Лена молча забрала со стола чашки, долила чайник, дождалась, пока вода закипит, налила заварки, положила по две ложки коричневого сахара, по дольке лимона, делала все медленно, стоя к Купревичу спиной. Поставила чашки на стол, села напротив, протянула ему руку, он протянул свою, пальцы сцепились, волна взаимного доверия пробежала между ним и Леной, и только после этого она сказала:

– Только что из Москвы прилетел Иосиф Лерман. Он позвонил Шаулю из аэропорта, удивленный, почему его никто не встретил. Утверждает, что с этого номера – номера Шауля, – ему звонил мужчина и сообщил о смерти Ады. Он двое суток не мог вылететь и не мог дозвониться ни до Ады, ни до других знакомых в Израиле…

– Угу, – сказал Купревич, догадываясь, почему Лена тянет фразу, как нескончаемую пряжу. – Лерман – муж Ады, прилетевший на похороны из Москвы.

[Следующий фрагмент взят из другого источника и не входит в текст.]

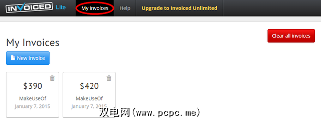 当您单击“下载"或“发送发票"按钮时,发票将保存在浏览器的本地存储中(缓存) )。通过单击顶部的“ Invoiced Lite"徽标旁边的黑色栏中的“我的发票",可以访问已保存的发票。如果您必须在将发票发送给客户之前或之后对发票进行更改,这是一个很棒的功能。
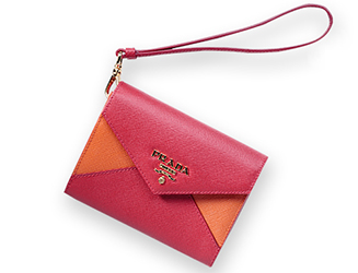 オレンジとレッドのコンビカラーが存在感を発揮するプラダのエンヴェロップ型の財布。封筒を連想させるデザインのミニウォレットはリストレットとしても楽しめる。付属のストラップは取り外しも可能なので、小さなバッグに収納も可能。キズが目立ちにくいサフィアーノレザーは、ヘビーユースする財布にこそ選びたい。

Лена посмотрела на Купревича безумным взглядом и кивнула.


***

Утренние пробки успели рассосаться, и до Бен-Гуриона они доехали быстро, Лена вела машину аккуратно, Купревич, сидевший рядом, невольно любовался ее точными движениями. Говорить не хотелось. Хотелось зарыться в норку, сунуть голову в песок, спрятаться в берлогу, никого не видеть, ничего не слышать, Он понимал, конечно, что проблема от этого не исчезнет, а обострится и, в конце концов, станет нерешаемой, но думать рационально, как привык, он сейчас не мог, не получалось. Лена бросала на него взгляд в зеркальце, смотрела искоса, понимала его состояние, но хотела все-таки знать. Знать хотя бы, как себя вести.

Когда из переплетения улиц и соцветий светофоров машина спустилась на Аялон и заняла прочное место во втором ряду, Купревич все-таки заговорил, собрав остатки самообладания и не желая выглядеть перед Леной перепуганным хлюпиком, каким казался сейчас самому себе.

– С Йосиком мы учились вместе. – Длинные предложения не складывались, коротких фраз он не любил, считая их обрубками речи, но сейчас не мог сложить ни одной нормально составленной фразы. – Знакомы с детского сада. Когда мы с Адой уехали, он остался в Москве. Окончил физтех, тот, знаменитый. Занимался квантовой физикой. Как и я, в последние годы увлекся многомирием. Мы пару раз говорили по скайпу.

– Он был знаком с Адой? – спросила Лена. Физтех, квантовая физика, беседы по скайпу ее не интересовали. Его, впрочем, тоже, он просто не хотел думать о том, о чем должен был думать сейчас в первую очередь.

– Где? – спросил он прежде, чем осознал бессмысленность вопроса.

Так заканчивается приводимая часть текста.